In a stunning display of wildness, the Cincinnati Reds made history on Saturday—but not the kind you'd want to frame. During the second inning against the Pittsburgh Pirates, Reds pitchers Rhett Lowder and Connor Phillips combined to walk seven consecutive batters, tying an MLB record that has stood for over a century. The surreal sequence saw four runs cross the plate without a single ball being put in play.
The inning began innocently enough when Lowder struck out Oneil Cruz on a 3-2 pitch. Then, everything unraveled. Walk, walk, pitching change, walk, walk, walk, walk, another pitching change—all before the Pirates finally grounded out on a 2-0 count. That groundout by Henry Davis? It might as well come with a fine from the Kangaroo Court for breaking the streak.

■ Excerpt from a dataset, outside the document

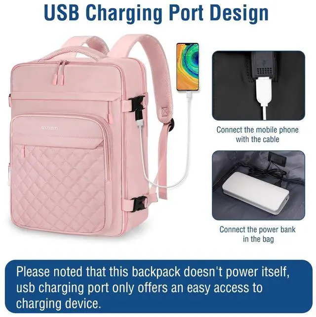 USB Charging Port: With built in USB charging port outside and built in charging cable inside, this backpack offers you a convenient way to charge your phone while walking. Please noted that this backpack doesn't power itself, USB charging port only offers an easy access to charging device. ^^

Lowder and Phillips combined to throw 42 pitches, with only 11 finding the strike zone. Three of those seven walks were non-competitive four-pitch free passes, making the meltdown even more painful to watch. The Reds' pitching staff entered Saturday with an 11.6% walk rate, the fifth-highest in baseball, while the Pirates' hitters sat right at the league average of 9.9%. Credit to Pittsburgh for staying patient, but for Cincinnati, this was a catastrophic stretch of control.
This historic walkathon ties the record set by the Chicago White Sox in 1909 and the Atlanta Braves in 1983. Interestingly, two of those three occurrences have come against the Pirates—go figure. For the Reds, who sit at 20-12 and second in the NL Central despite a minus-11 run differential, this was a glaring reminder that even the best teams can have their moments of madness. The Pirates, at 17-16 and in last place in a division full of winning records, will take the free bases however they can get them.